DATA FOR THIS EXERCISE:
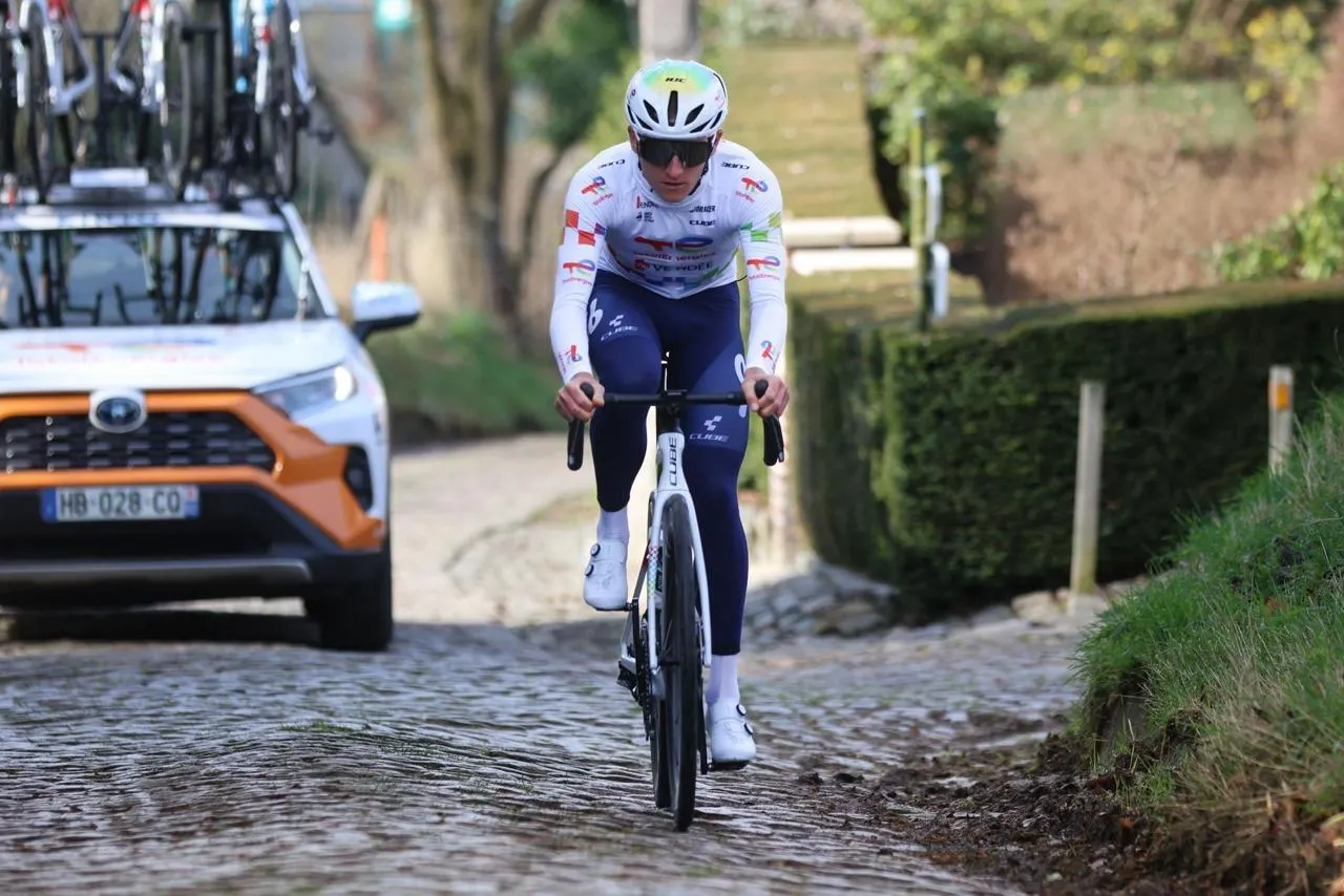 Ici sur la reconnaissance du Het Nieuwsblad, Thomas Gachignard apprécie les pavés. © Team TotalÉnergies
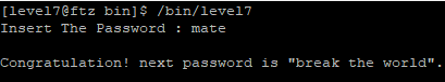 그리고 다시 level7 프로그램을 실행하고, mate를 입력하면 위와 같이 level8의 비밀번호가 뜬다.
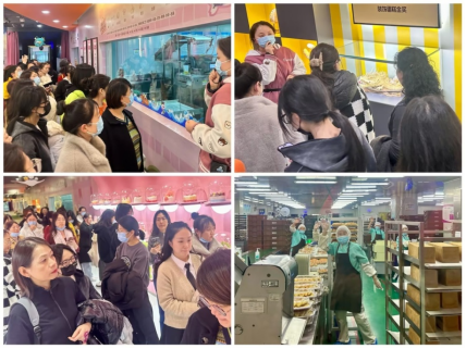 完成了自己亲手制作的蛋糕后,大家依次参观了城堡之窗、魔法厨房、蛋糕研发室等区域,了解御品轩的配料、搅拌、成型等蛋糕生产线和工艺流程,姐妹们一同近距离感受一个新鲜产品从下单到包装的完美过程。严谨有序的制作过程,透明可见的生产工序,让大家对御品轩的产品质量把控及制作工艺有了进一步认识和了解。
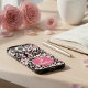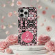 Funda iPhone 16 Pro Max Stylish pink Flowers on black pattern Custom names
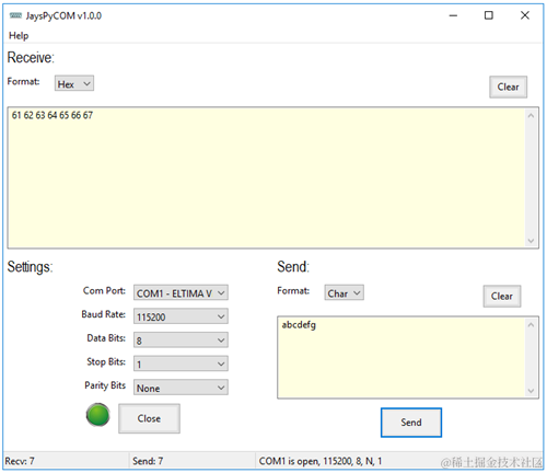 串口调试助手是嵌入式开发里非常常用的小工具,市面上有非常多流行的串口调试工具,比如TeraTerm、SecureCRT、AccessPort、sscom等,其中有些工具功能全面且强大,可以满足大部分串口调试需求,但如果有的时候你有一些特殊定制化的需求,这些工具不一定能满足你的需求,这时候你需要写一个属于你自己的串口调试助手,本系列痞子衡会教大家从零开始写一个基于Python的串口调试工具,这个串口调试工具我们暂且叫她pzh-com,第一个稳定正式版v1.0.0效果如下:
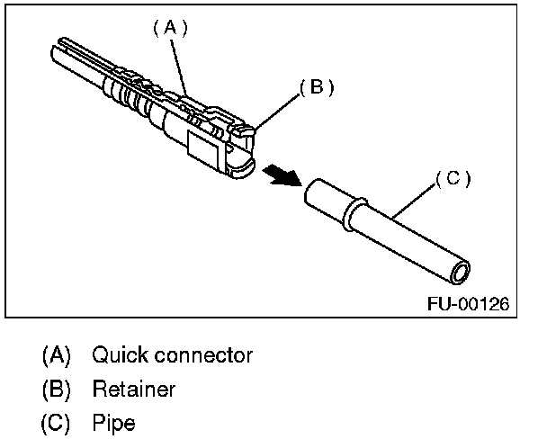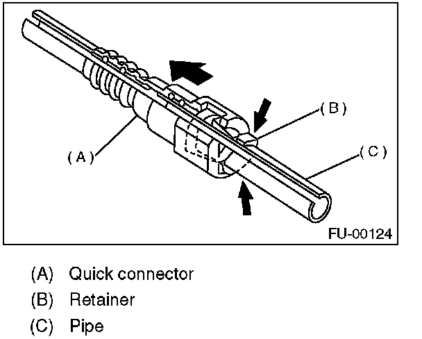 1. Push the retainer in the direction of the arrow, disconnect the quick connector from pipe.
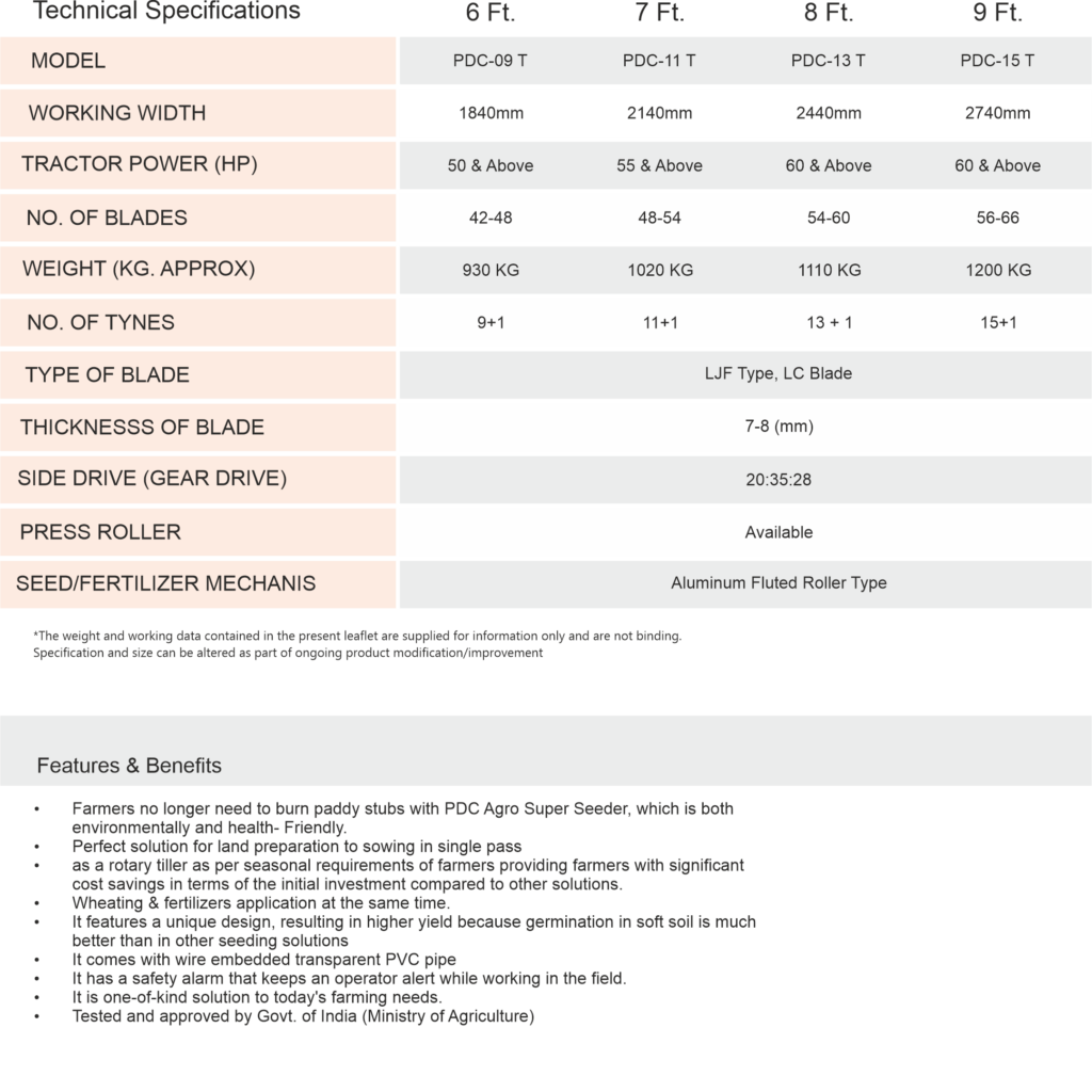• Farmers no longer need to burn paddy stubs with PDC Agro Super Seeder, which is both environmentally and health- Friendly.
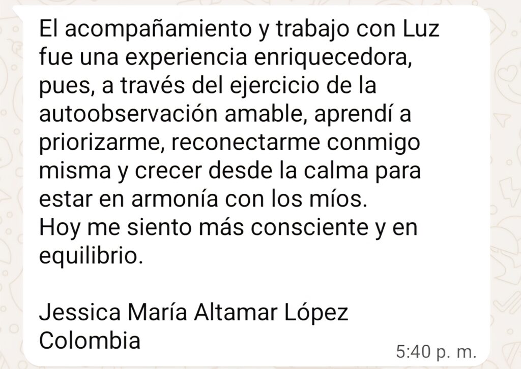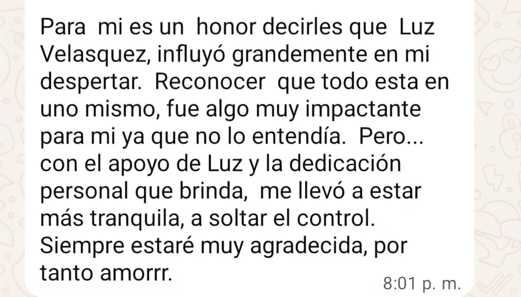 Mi Testimonio para Luz: es que lo más importante es como persona con mucha ansiedad, logré con respiraciones y acompañamientos encontrar dentro de mi la Paz. Me ayudó a conocerme y a llevar una vida en Conciencia, más tranquila. A estar en armonía, lo más importante es que yo misma puedo controlar las situaciones sin medicamentos. Estoy muy agradecida, espero que muchas personas puedan salir de esto con la ayuda de Luz.
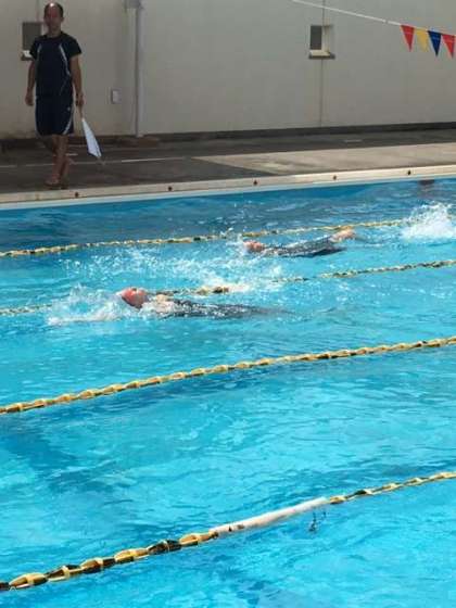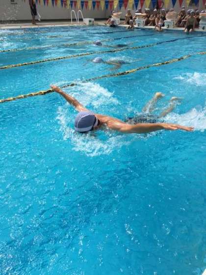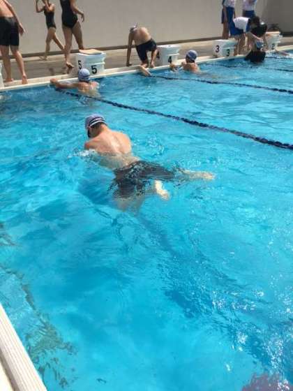今日も水泳日和です。1時間目から元気にクロール、平泳ぎ、背泳、バタフライを練習しています。バタフライも上達してきました。

TASK GOAL: Output all the material verbatim, skipping every image.

RESULT OF THIS TASK:
 Ici sur la reconnaissance du Het Nieuwsblad, Thomas Gachignard apprécie les pavés. © Team TotalÉnergies
 그리고 다시 level7 프로그램을 실행하고, mate를 입력하면 위와 같이 level8의 비밀번호가 뜬다.
 完成了自己亲手制作的蛋糕后,大家依次参观了城堡之窗、魔法厨房、蛋糕研发室等区域,了解御品轩的配料、搅拌、成型等蛋糕生产线和工艺流程,姐妹们一同近距离感受一个新鲜产品从下单到包装的完美过程。严谨有序的制作过程,透明可见的生产工序,让大家对御品轩的产品质量把控及制作工艺有了进一步认识和了解。
 Funda iPhone 16 Pro Max Stylish pink Flowers on black pattern Custom names
 串口调试助手是嵌入式开发里非常常用的小工具,市面上有非常多流行的串口调试工具,比如TeraTerm、SecureCRT、AccessPort、sscom等,其中有些工具功能全面且强大,可以满足大部分串口调试需求,但如果有的时候你有一些特殊定制化的需求,这些工具不一定能满足你的需求,这时候你需要写一个属于你自己的串口调试助手,本系列痞子衡会教大家从零开始写一个基于Python的串口调试工具,这个串口调试工具我们暂且叫她pzh-com,第一个稳定正式版v1.0.0效果如下:
 1. Push the retainer in the direction of the arrow, disconnect the quick connector from pipe.
• Farmers no longer need to burn paddy stubs with PDC Agro Super Seeder, which is both environmentally and health- Friendly.
 Mi Testimonio para Luz: es que lo más importante es como persona con mucha ansiedad, logré con respiraciones y acompañamientos encontrar dentro de mi la Paz. Me ayudó a conocerme y a llevar una vida en Conciencia, más tranquila. A estar en armonía, lo más importante es que yo misma puedo controlar las situaciones sin medicamentos. Estoy muy agradecida, espero que muchas personas puedan salir de esto con la ayuda de Luz.
今日も水泳日和です。1時間目から元気にクロール、平泳ぎ、背泳、バタフライを練習しています。バタフライも上達してきました。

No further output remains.